CVE-2024-27414 — linux / linux_kernel
In the Linux kernel, the following vulnerability has been resolved:
rtnetlink: fix error logic of IFLA_BRIDGE_FLAGS writing back
In the commit d73ef2d69c0d ("rtnetlink: let rtnl_bridge_setlink checks
IFLA_BRIDGE_MODE length"), an adjustment was made to the old loop logic
in the function rtnl_bridge_setlink to enable the loop to also check
the length of the IFLA_BRIDGE_MODE attribute.
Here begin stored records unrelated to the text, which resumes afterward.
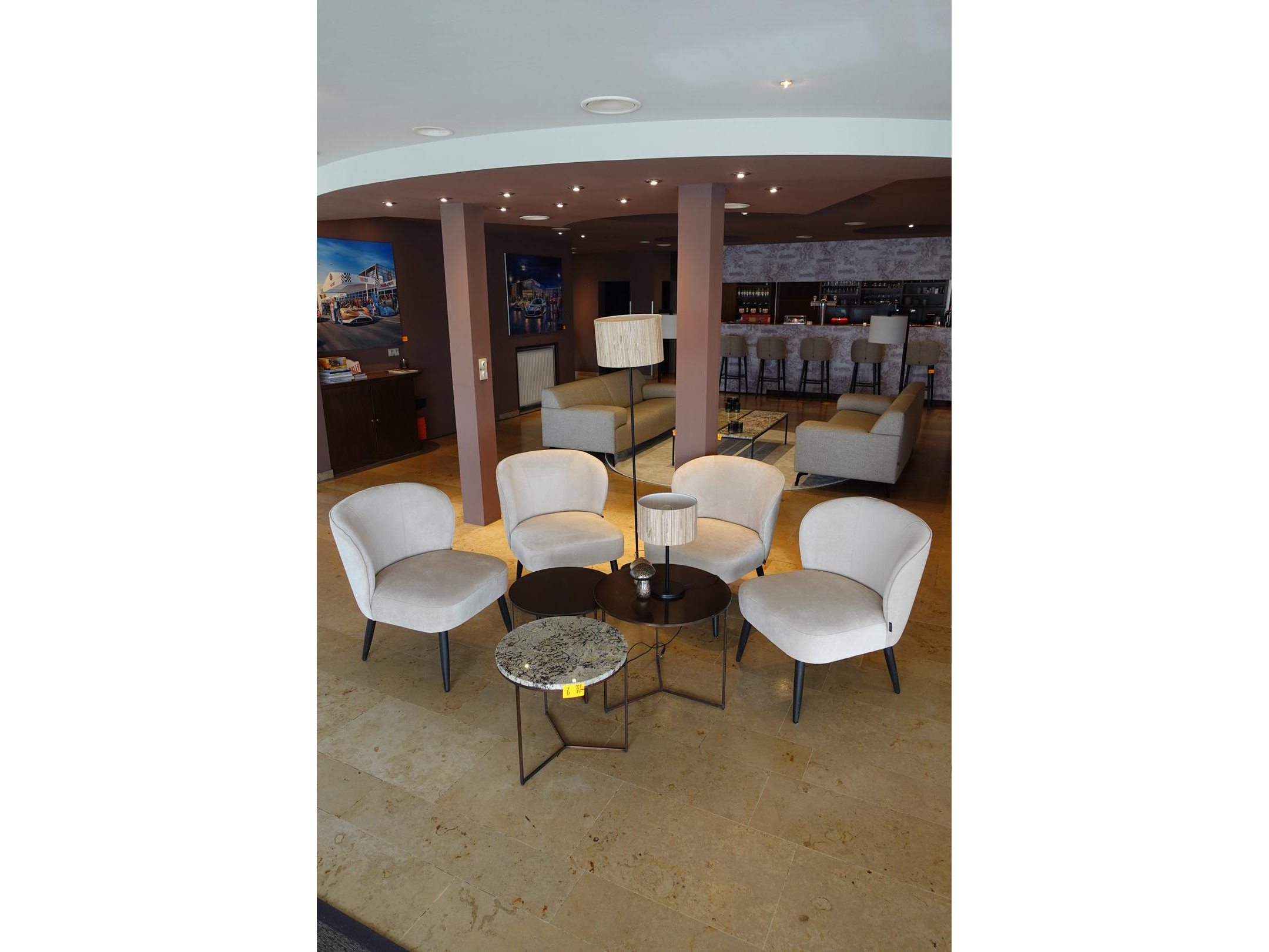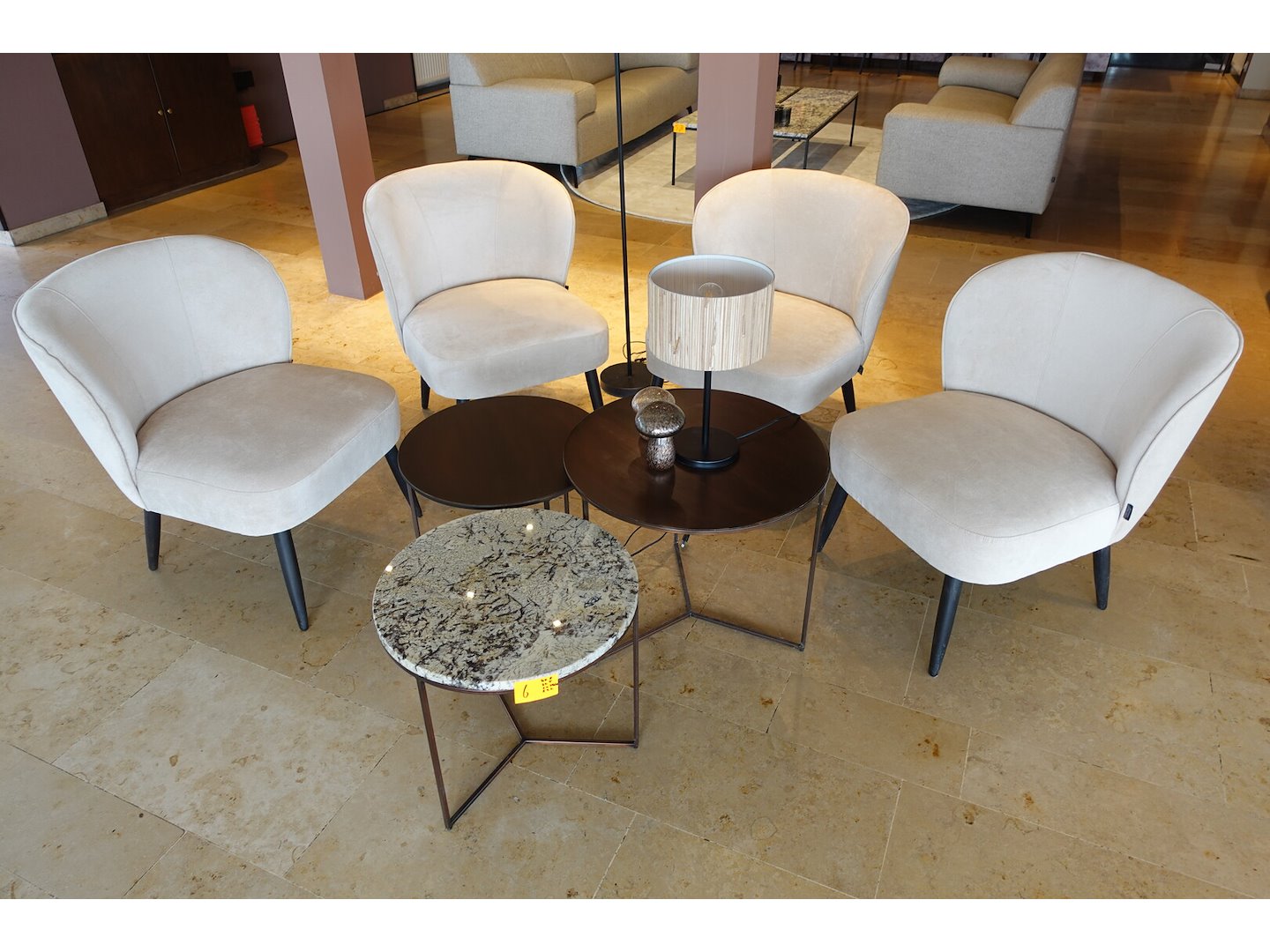 4x Fauteuil, 3 x bijzettafel,2x lamp <br /> Locatie: Inkom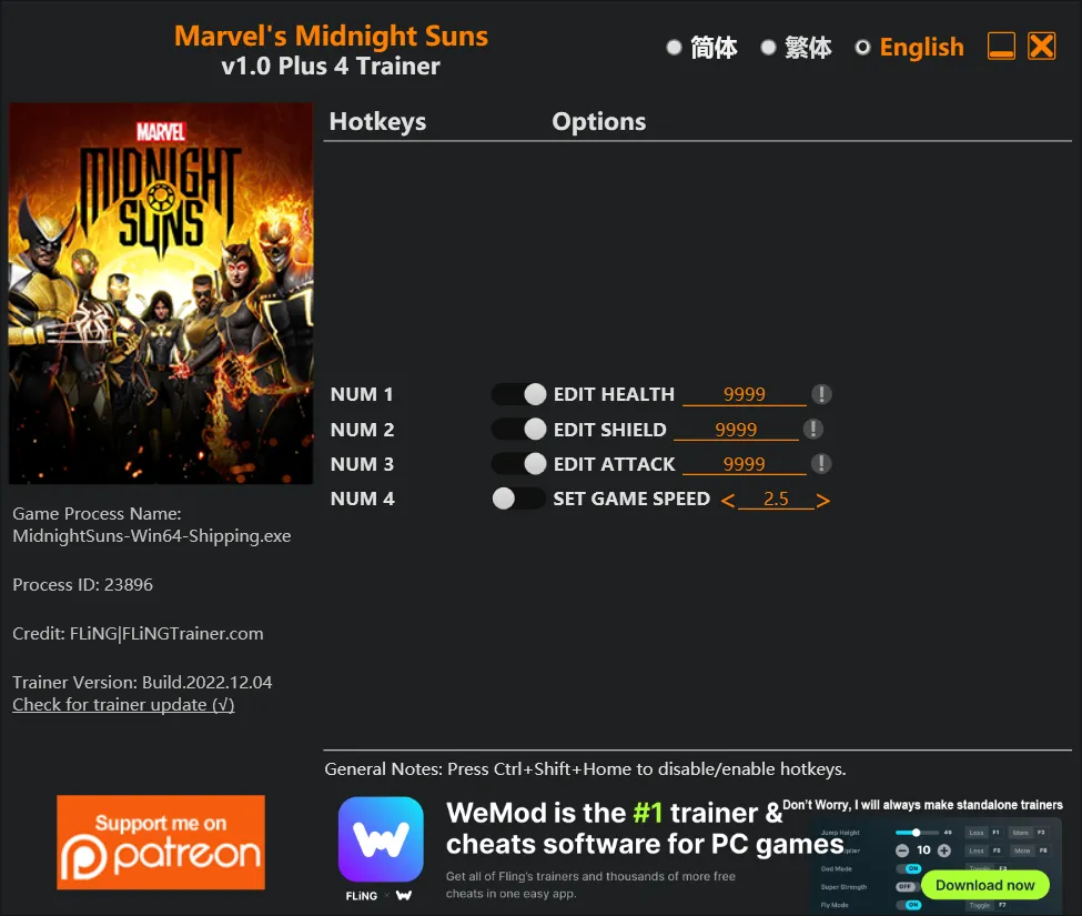 마블 미드나이트 선즈는 마블 유니버스에서 최초로 맞춤설정이 가능한 오리지널 캐릭터에 빙의하여 플레이를 할 수 있는 게임입니다. 외형을 바꿀 수 있고, 선택지를 선택하여 반응을 조율할 수 있습니다. 어벤저스, 엑스맨, 런어웨이즈 등 마블의 캐릭터를 플레이 할 수 있습니다. 당연히 트레이너가 존재합니다. 캐릭터의 체력과 쉴드, 데미지 조정 그리고 게임의 속도까지 조절할 수 있습니다.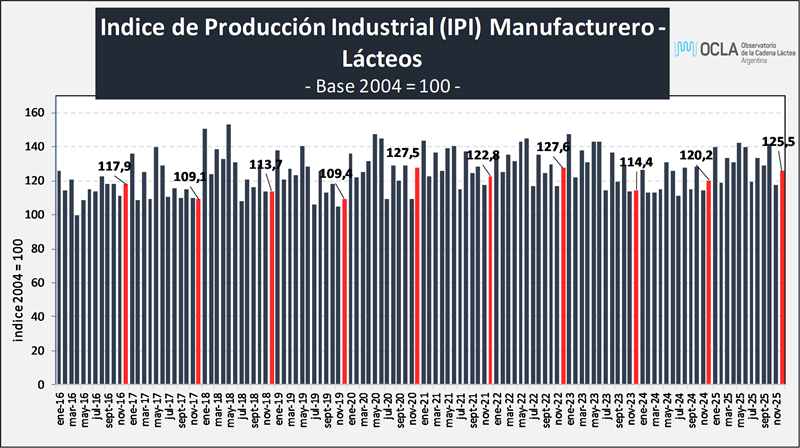 Índice de Producción Industrial Manufacturero – LÁCTEOS - diciembre de 2025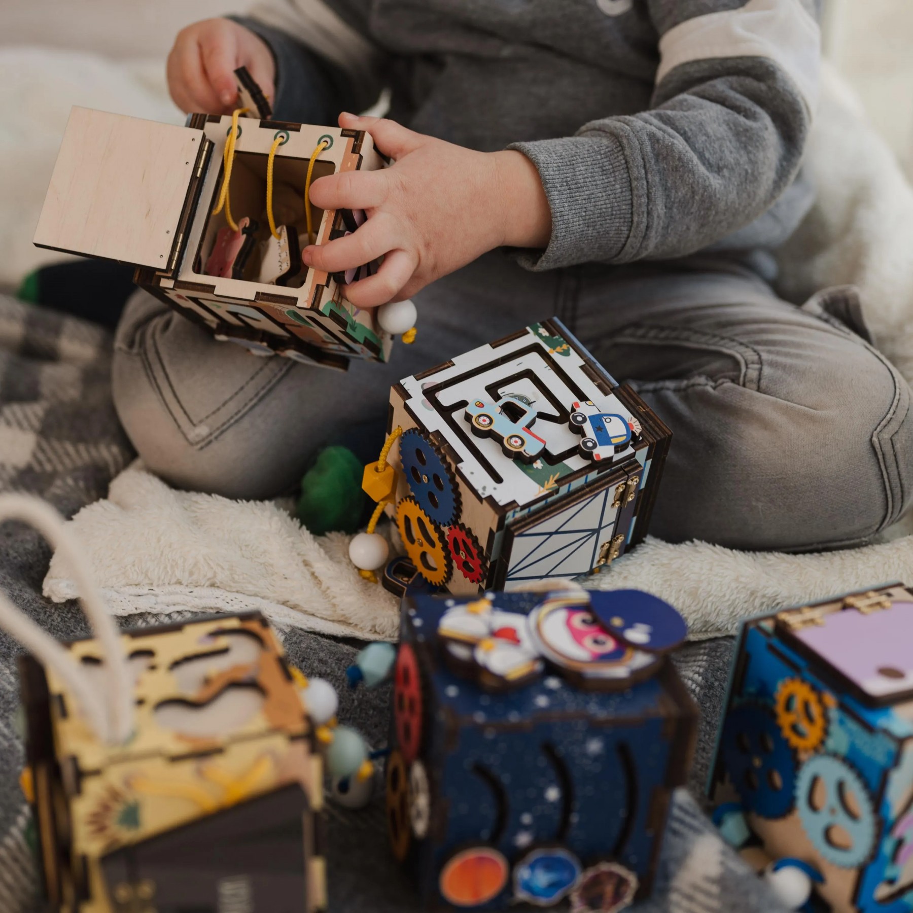 Handmade Wooden Busy Cube Educational Toys Suitable For Babies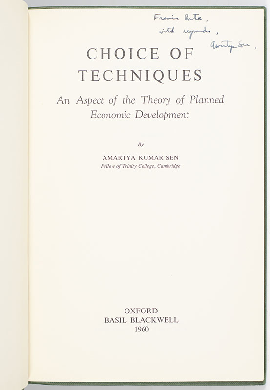 Rare First Edition of Amartya Sen's Choice of Techniques; Inscribed by Him to Fellow Economist Francis Bator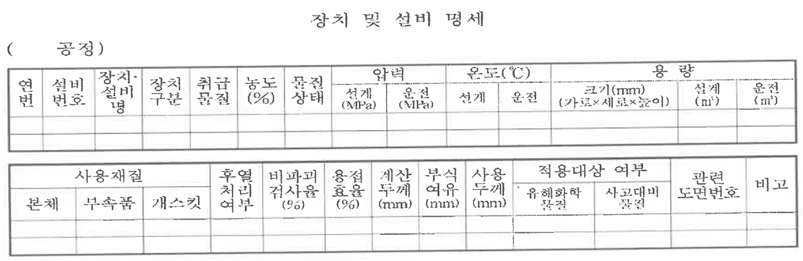 ▣ 장치 및 설비 명세 [별지 제15호 서식]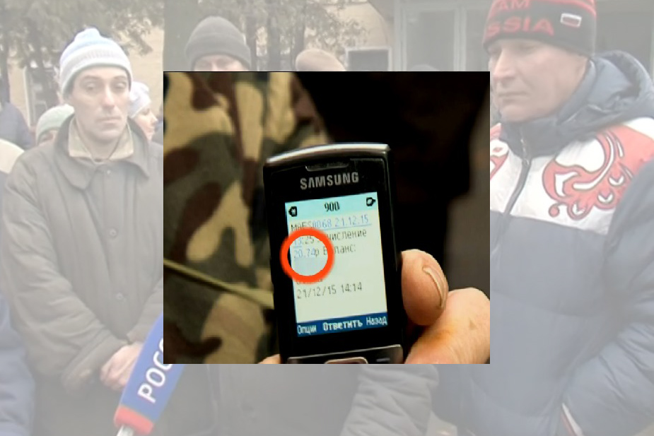Один из участников акции показал журналистам SMS на своем телефоне о начислении зарплаты за декабрь в размере 20 рублей 74 копеек.

However, this adjustment
removed the break statement and led to an error logic of the flags
writing back at the end of this function.
if (have_flags) memcpy(nla_data(attr), &flags, sizeof(flags)); // attr should point to IFLA_BRIDGE_FLAGS NLA !!!
Before the mentioned commit, the attr is granted to be IFLA_BRIDGE_FLAGS.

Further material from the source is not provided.